Some writers claim the Air Staff ignored a critical lesson, that British morale did not break and that attacking German morale was not sufficient to induce a collapse. Aviation strategists dispute that morale was ever a major consideration for Bomber Command. Throughout 1933–1939 none of the 16 Western Air Plans drafted mentioned morale as a target. The first three directives in 1940 did not mention civilian populations or morale in any way. Morale was not mentioned until the ninth wartime directive on 21 September 1940. The 10th directive in October 1940 mentioned morale by name but industrial cities were only to be targeted if weather prevented raids on oil targets.

The AOC Bomber Command, Arthur Harris, who did see German morale as an objective, did not believe that the morale collapse could occur without the destruction of the German economy. The primary goal of Bomber Command was to destroy the German industrial base (economic warfare) and in doing so reduce morale.

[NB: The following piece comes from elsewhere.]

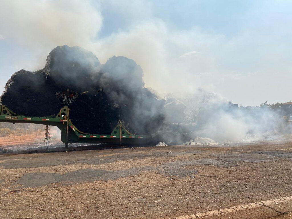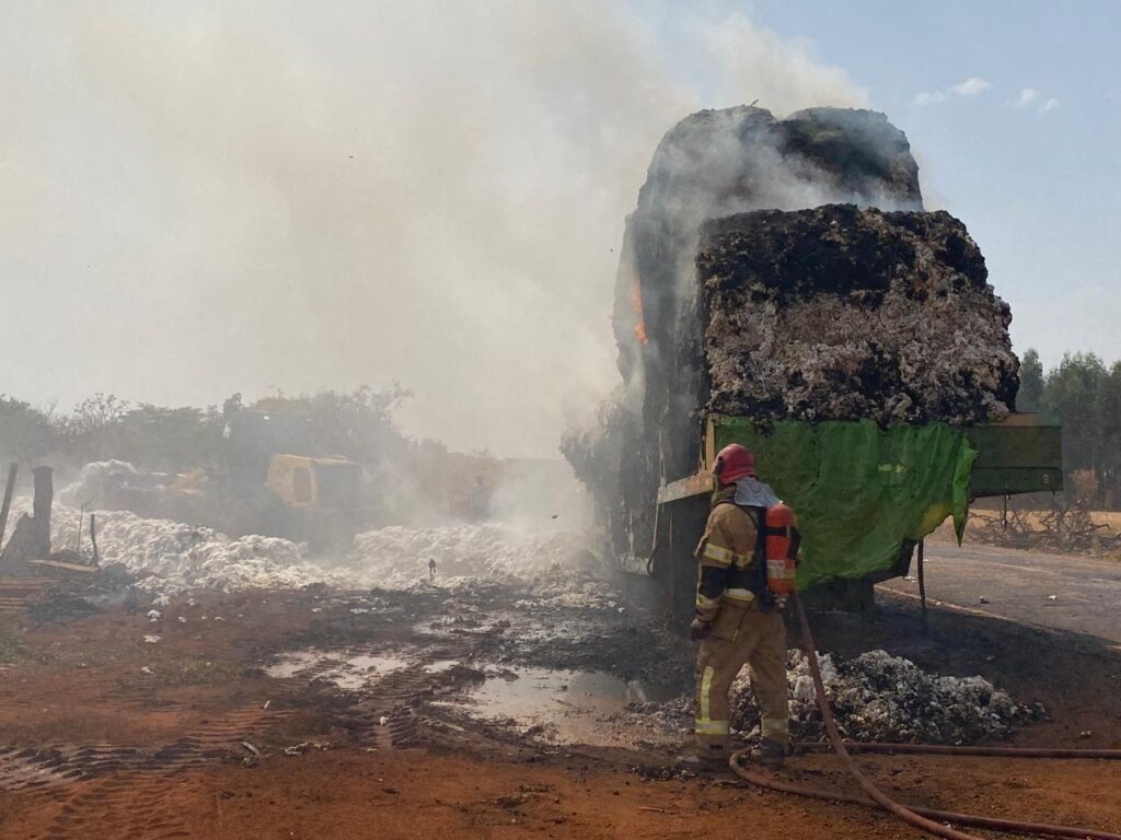 Na manhã desta quarta-feira (18), por volta das 10h22, o Corpo de Bombeiros do 5º Pelotão de Patrocínio foi acionado para conter um incêndio em uma carreta carregada com fardos de algodão, cada um pesando aproximadamente 2.500 kg, na rodovia MG-188, próximo ao KM 366, sentido Patos de Minas.

In late 1943, just before the Battle of Berlin, Harris declared the power of Bomber Command would enable it to achieve "a state of devastation in which surrender is inevitable". A summary of Harris' strategic intentions was clear:

From 1943 to the end of the war, he [Harris] and other proponents of the area offensive represented it [the bomber offensive] less as an attack on morale than as an assault on the housing, utilities, communications, and other services that supported the war production effort.
— Hall

In comparison to the Allied bombing campaign against Germany, casualties due to the Blitz were relatively low; the bombing of Hamburg alone inflicted about 40,000 civilian casualties.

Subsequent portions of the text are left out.